> _WHAT THE EXERCISE ASKS_: All of the data should be reproduced word for word, though its pictures must be omitted.

[MATERIAL PROVIDED — start]

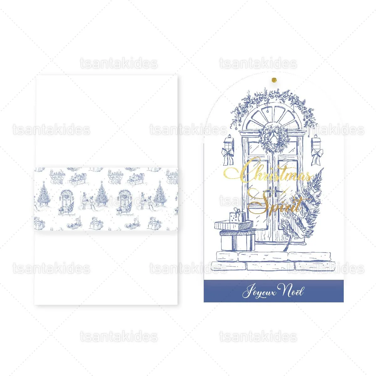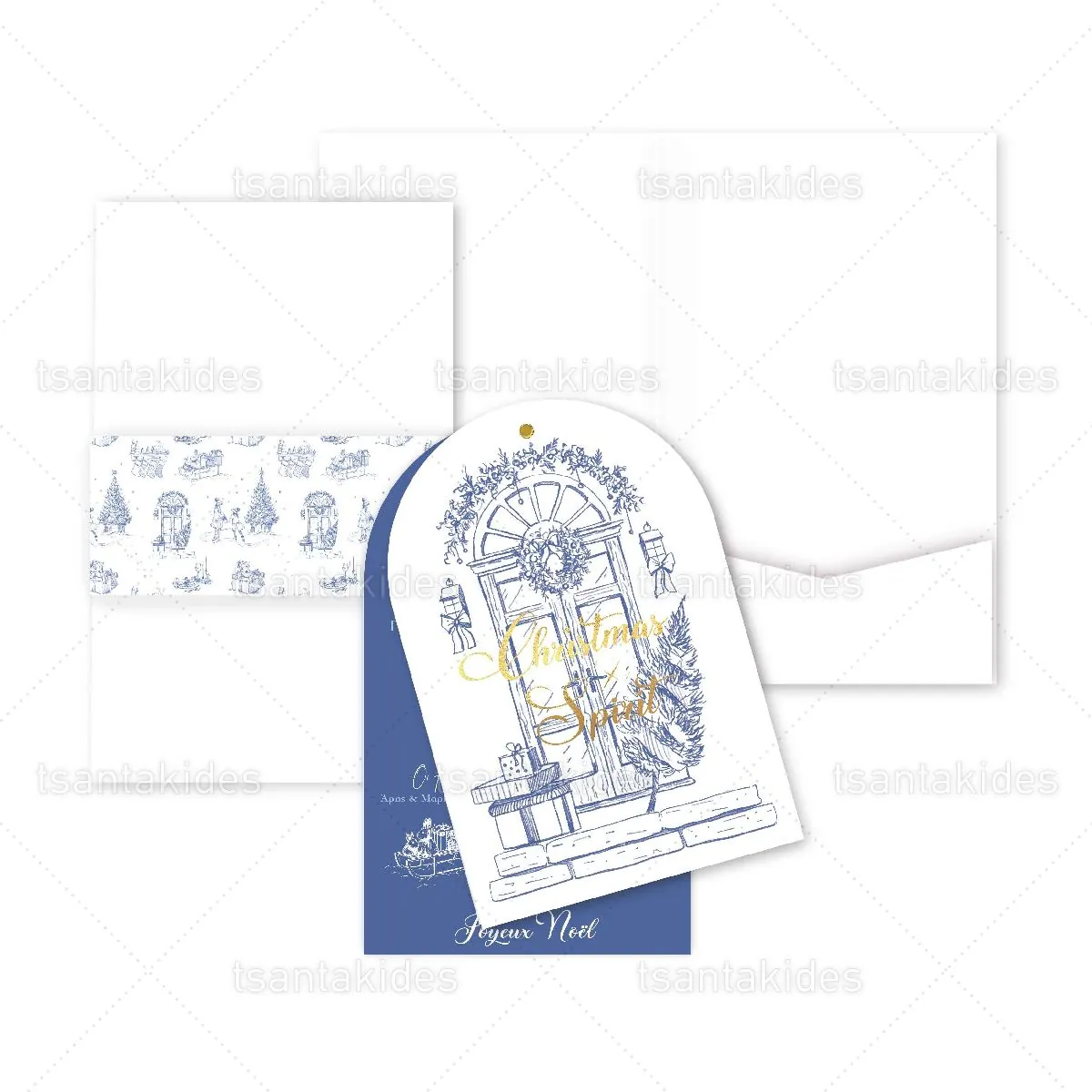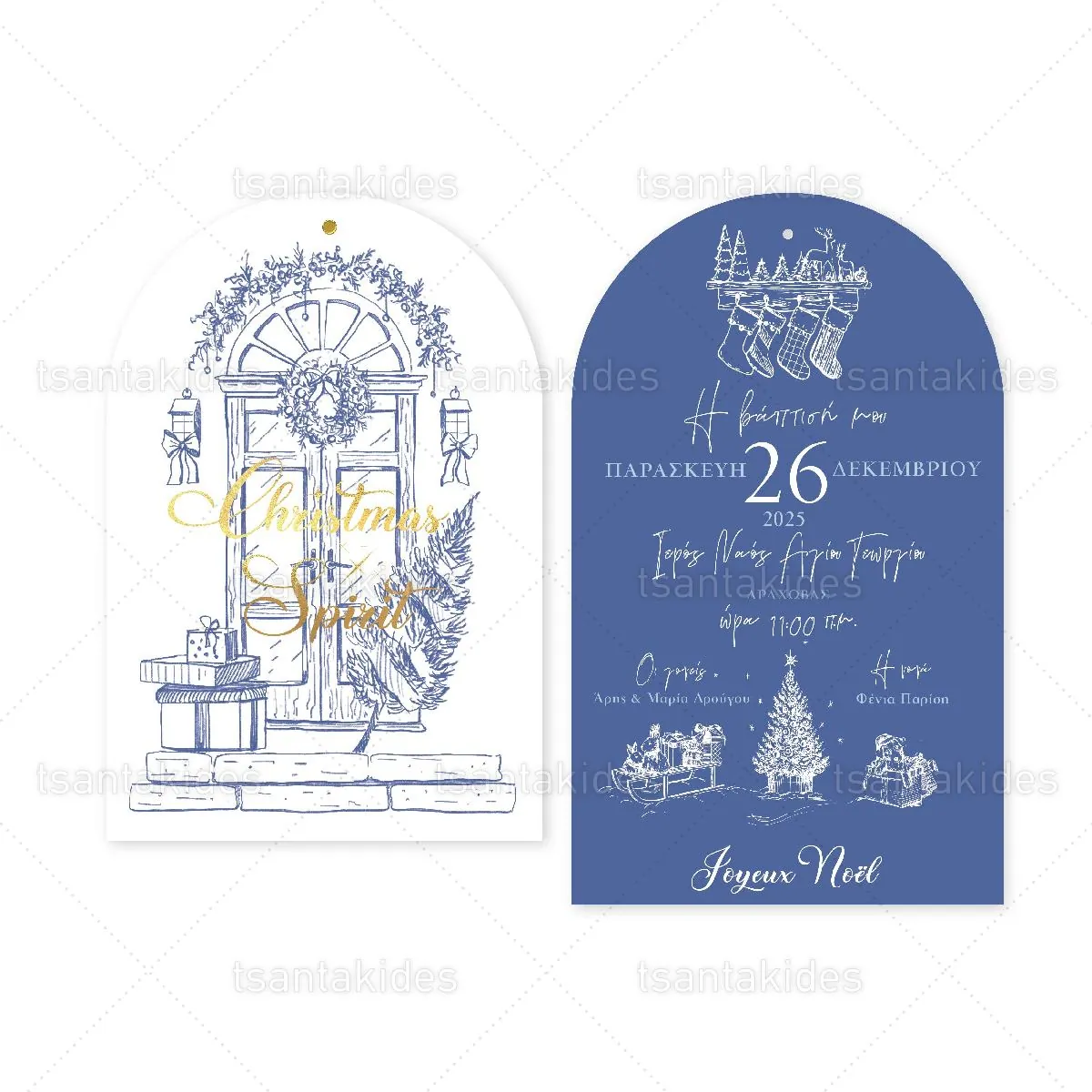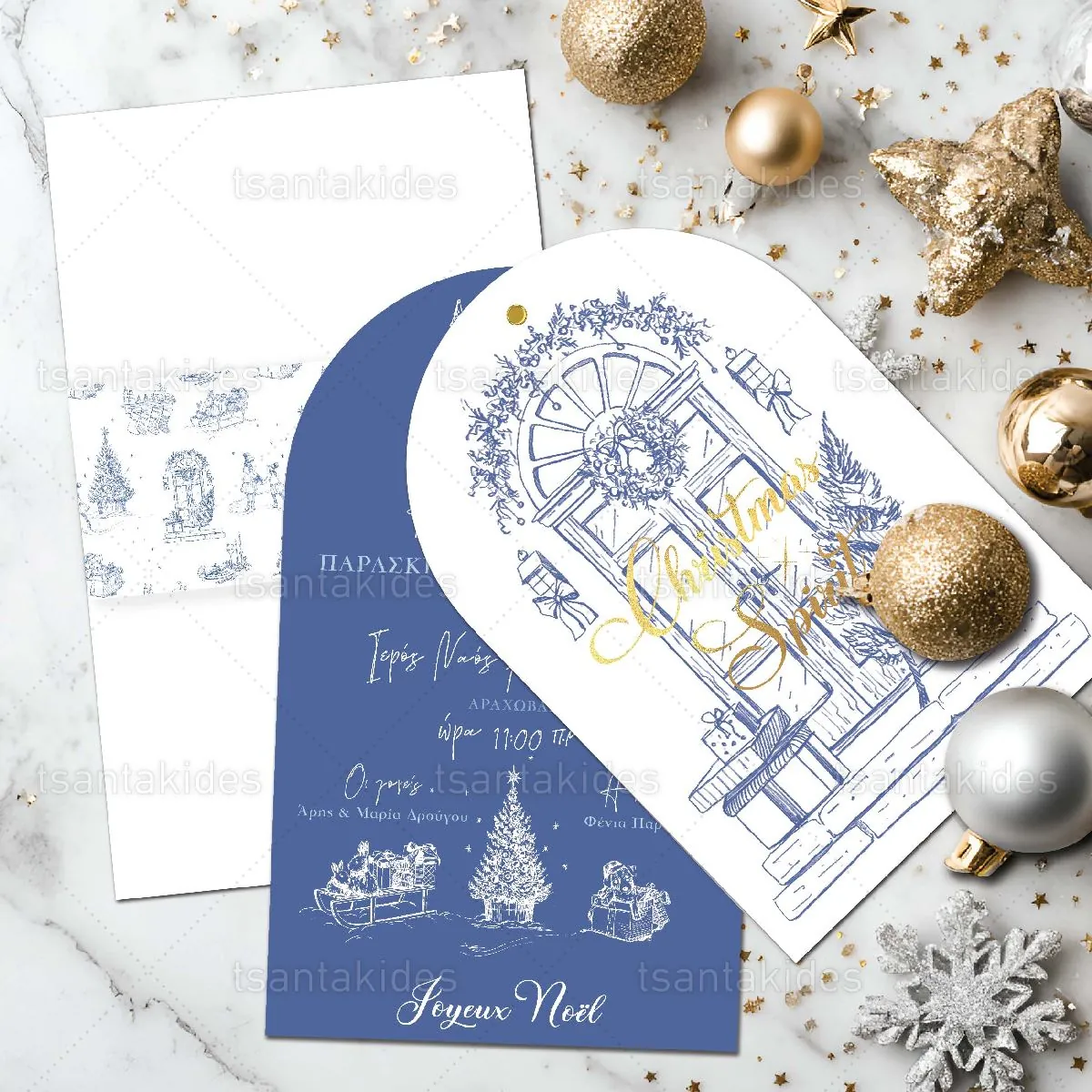 Προσκλητήριο βάπτισης εκτυπωμένο με θέμα Xmas Blue Toile.
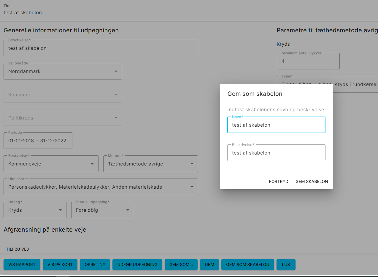 Når udpegningen er gemt, er der mulighed for at vælge en af de blå knapper nederst i skærmbilledet ”Gem som skabelon”.
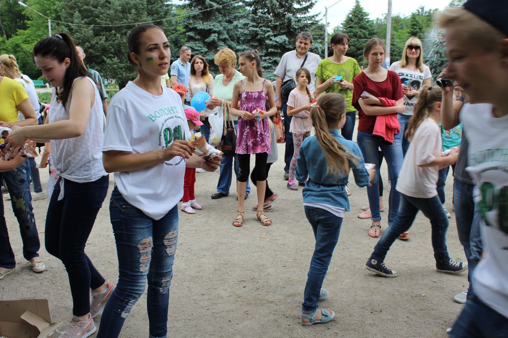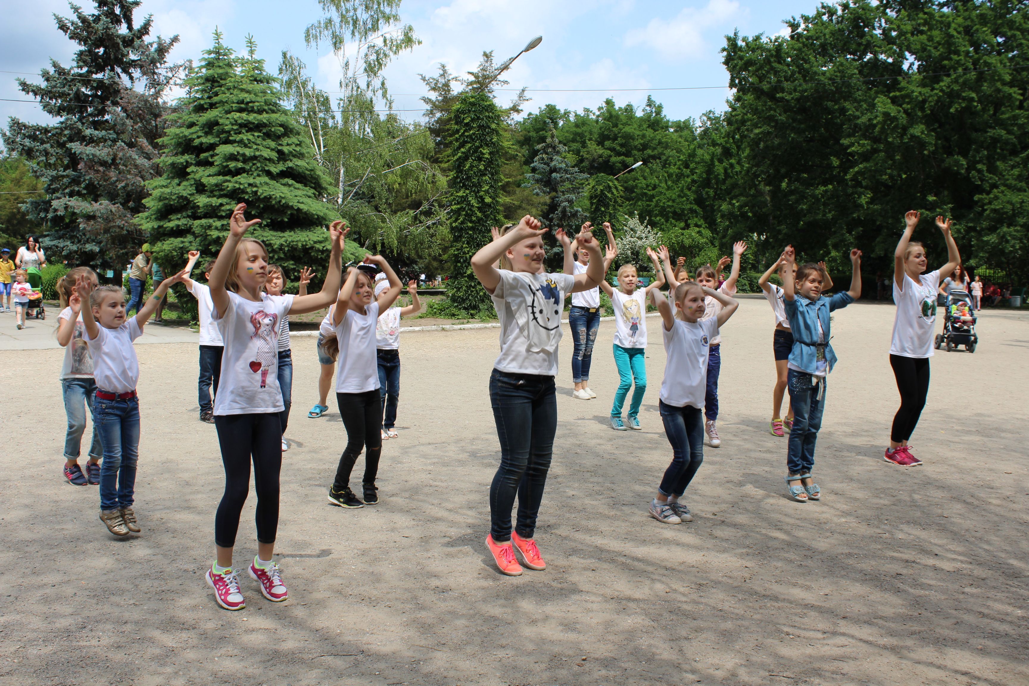 Флешмоб стал подарком от организации в День защиты детей. Группа маленьких помощников разных возрастов исполнила танец из несложных, но зажигательных движений под не менее зажигательную музыку. Собравшиеся с интересом наблюдали за действом, развернувшимся возле фонтана. Затем участники флешмоба вместе с организаторами мероприятия раздали другим деткам в парке сладости и мороженное. Несмотря на свою юный возраст, эти ребята из церкви "Новое поколение" уже являются волонтерами. Самим создать что-то масштабное им не позволяет возраст, но помочь в проведении мероприятий они вполне могут, что и делают.
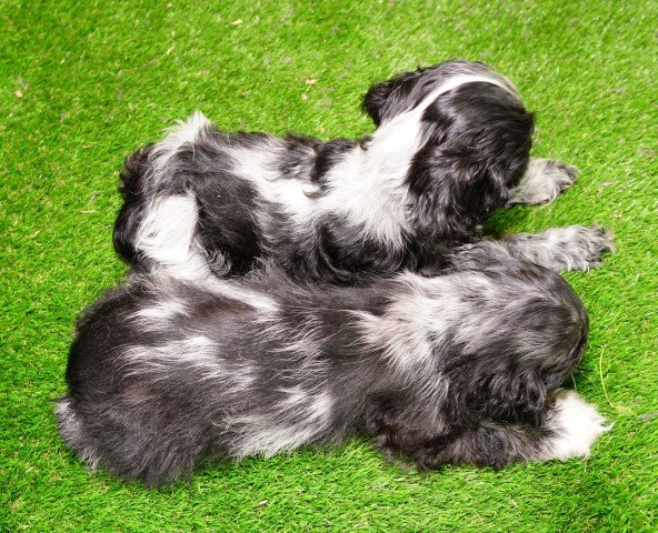 Comparison of roan and merle pup together – both blue (black) colored:

[MATERIAL PROVIDED — finish]

> _WRITTEN RESPONSE_:
 Προσκλητήριο βάπτισης εκτυπωμένο με θέμα Xmas Blue Toile.
 Når udpegningen er gemt, er der mulighed for at vælge en af de blå knapper nederst i skærmbilledet ”Gem som skabelon”.
 Флешмоб стал подарком от организации в День защиты детей. Группа маленьких помощников разных возрастов исполнила танец из несложных, но зажигательных движений под не менее зажигательную музыку. Собравшиеся с интересом наблюдали за действом, развернувшимся возле фонтана. Затем участники флешмоба вместе с организаторами мероприятия раздали другим деткам в парке сладости и мороженное. Несмотря на свою юный возраст, эти ребята из церкви "Новое поколение" уже являются волонтерами. Самим создать что-то масштабное им не позволяет возраст, но помочь в проведении мероприятий они вполне могут, что и делают.
 Comparison of roan and merle pup together – both blue (black) colored:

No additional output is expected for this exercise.